MELBOURNE: Lewis Hamilton will look to put his stamp on the new Formula One season at this week's Australian Grand Prix, as he seeks to regain the world title following the shock retirement of reigning champion Nico Rosberg.
Ten years after his F1 debut at Albert Park, Hamilton arrives at the downtown circuit as the leading light of a sport now under new management and featuring wider and faster cars.
Hamilton, 32, was beaten to last year's title by Mercedes team-mate Rosberg, who quit the sport five days later citing the intense pressures of competing.
This year, Hamilton will be face renewed competition from Ferrari and Red Bull, who are expected to close the gap on dominant Mercedes, as well his new team-mate Valtteri Bottas of Finland.
Hamilton is revelling in the new generation of quicker cars, which coincides with American group Liberty Media's takeover and the exit of long-time ringmaster Bernie Ecclestone.
"I'm finding the car is much more physical to drive than in the past," said Hamilton, who is seeking his fourth world title after victories in 2008, 2014 and 2015.
"It's so much faster in the corners. The force you feel on your body and on your neck is much higher. I've got bruises and bumps where I've never really had them before."
An overhaul of technical regulations has ushered in wider cars with broader tyres, which are expected to be noisier and provide faster racing, but also put greater physical demands on the drivers.
"Having spoken to the drivers, these machines are violent -- just like Formula One cars should be," said Mercedes chief Toto Wolff.
"The target with these new regulations was to make this generation of F1 cars the quickest in the history of the sport.
"And looking at the results from testing, we're well on the way to achieving that. It's something that's never been done before and that's a radical change."
Hamilton and Rosberg had a fractious relationship in the Mercedes garage, but Wolff said the Briton and Bottas were "in a great place".
"They have a respectful and friendly relationship from what we've seen in our team briefings so far," he added.
Bottas is yet to win a race but he is confident of improving on his best finish of fifth around the Melbourne circuit, for his former team Williams in 2014.
"It's a big challenge and I'll definitely need to prove myself to a lot of people and my team that I deserve the place," Bottas said.

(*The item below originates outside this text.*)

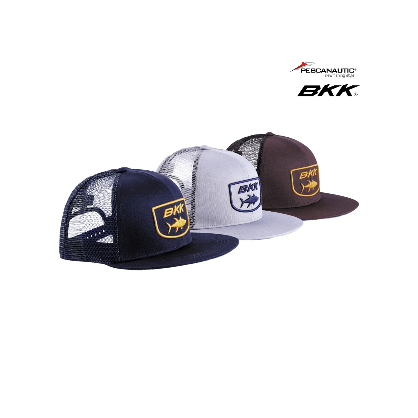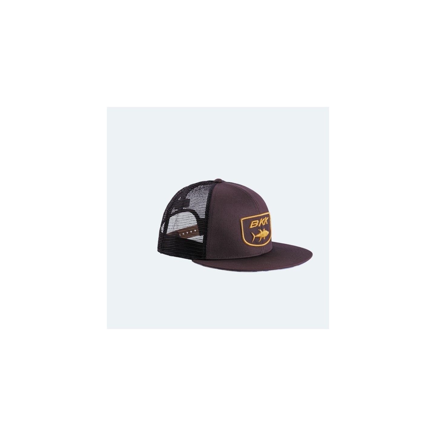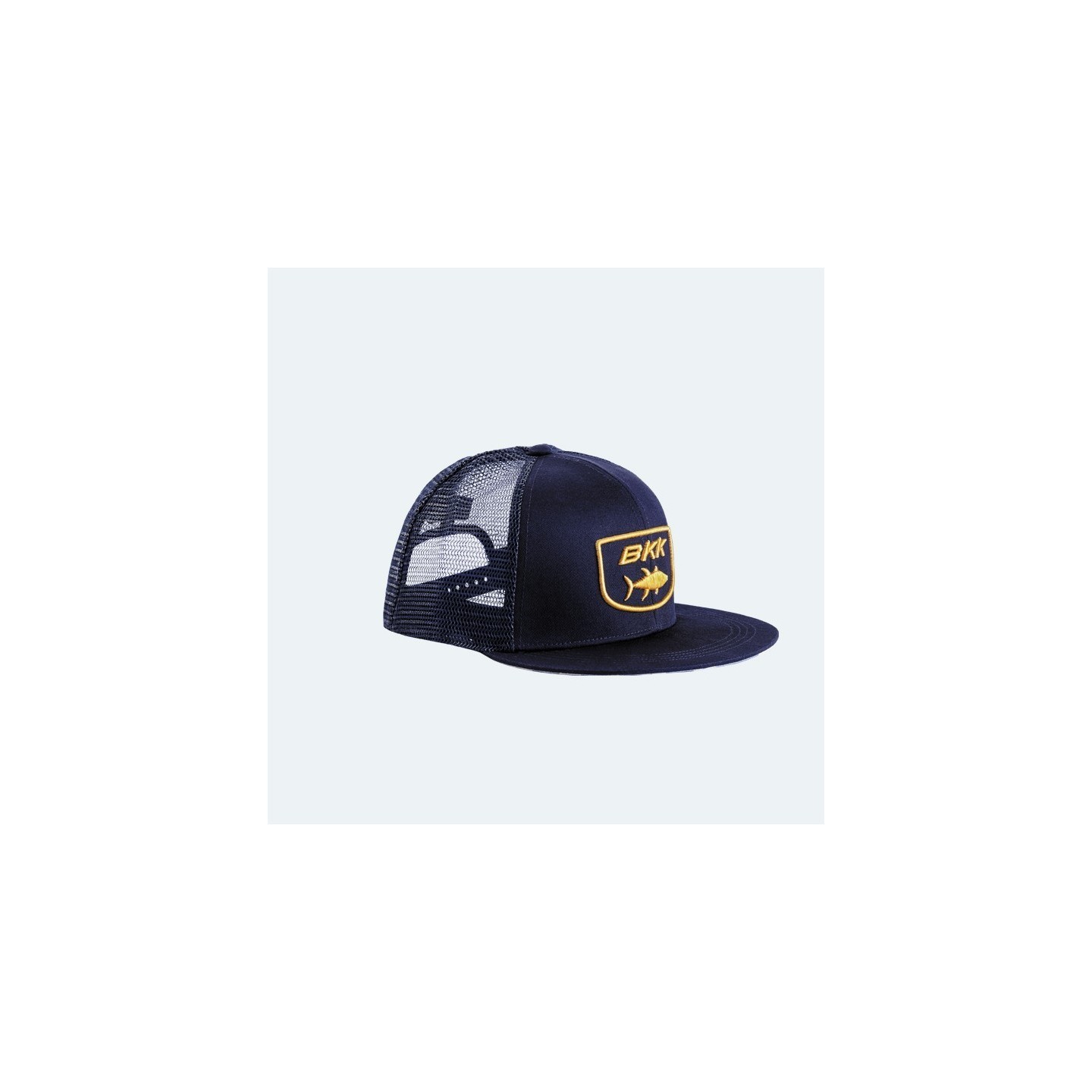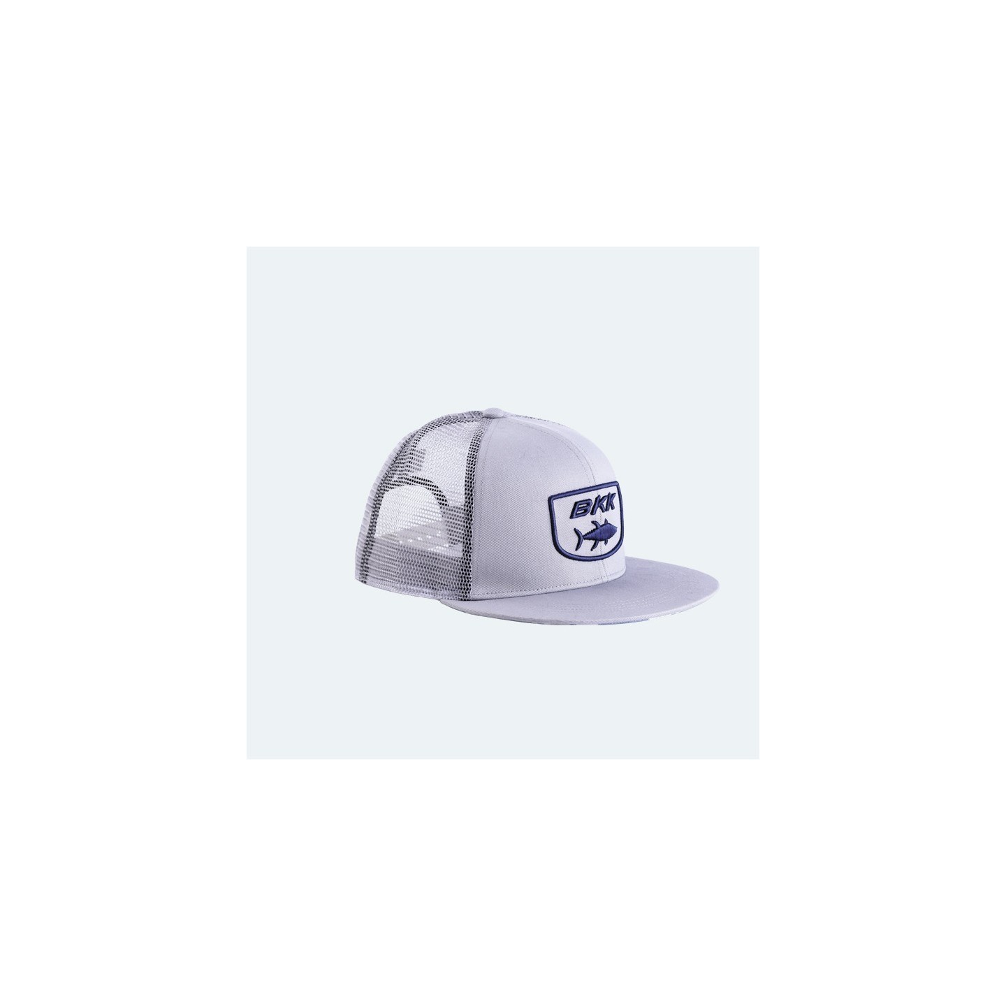 La BKK Tuna Snapback Hat est une casquette à visière plate ventilée et stylée, dédiée aux pêcheurs de thon, proposée en bleu, gris et marron.
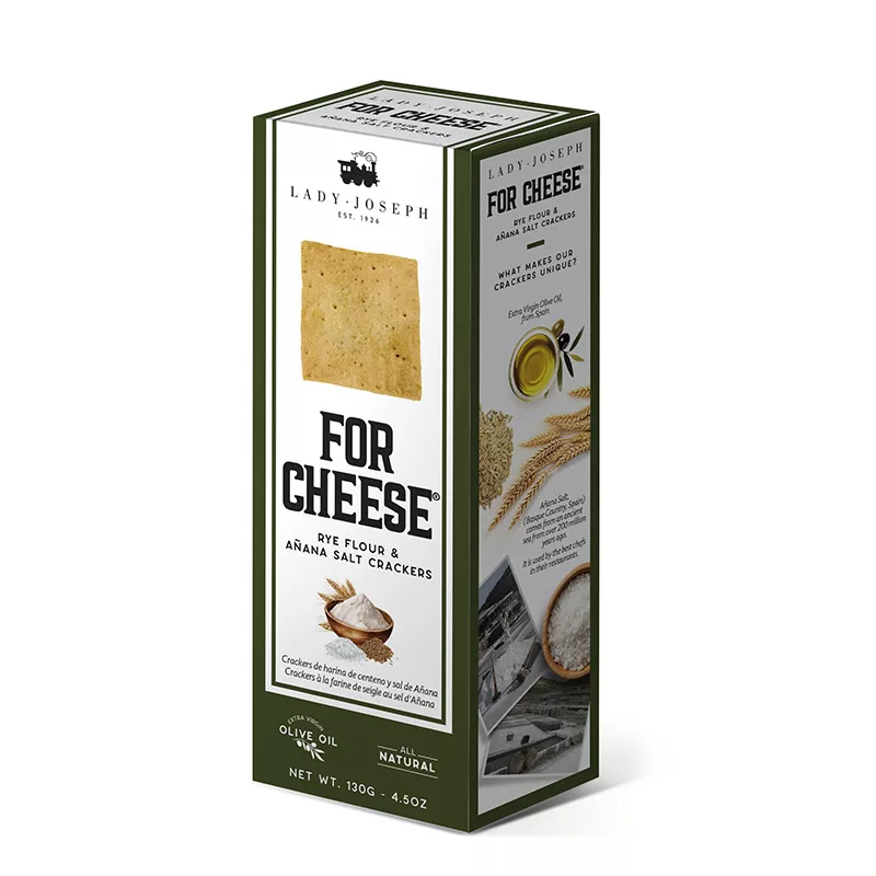 Crispy crackers combining soft rye flour with prized Añana Valley salt from the Basque Country, enriched with extra virgin olive oil. The perfect companion for cheese and gourmet entertaining.

"But I see it very positively. It's a great opportunity for my career to fight for the wins and even for the championship."
While the Silver Arrows have dominated F1, winning the drivers and constructors titles over the last three years, pre-season testing pointed to other teams pushing hard.
Ferrari topped the timesheets at testing in Barcelona, with Kimi Raikkonen fastest ahead of team-mate Sebastien Vettel.
Ferrari last won at Albert Park in 2007 through Raikkonen, who went on to win the championship that year -- the last time the Italian team lifted the drivers title.
Fight to the finish
"It's impossible to predict anything," said Ferrari's Vettel, a four-time champion with Red Bull from 2010-2013.
"Even the tests in Barcelona only give a basic idea where you stand.
"It is only in the first race that you will know how well you and the others have worked over the winter. We will only get real clarity after three or four races."
Daniel Ricciardo, attempting to become the first Australian F1 world champion since Alan Jones in 1980, believes Red Bull can loosen Mercedes' grip on the titles.
But Ricciardo, who finished third behind Rosberg and Hamilton in last year's standings, said it would be tough to win in Melbourne.
"Can we be the quickest? I think we can. Will it be by Melbourne? Probably not," he said. "We haven't quite been the fastest in testing so I would say we're not the quickest as we stand here today."
But he added that Mercedes would have a "target on them".
"If we can get close to them and get a few wins and somehow end up in a championship fight towards the end of the season then that's what I want."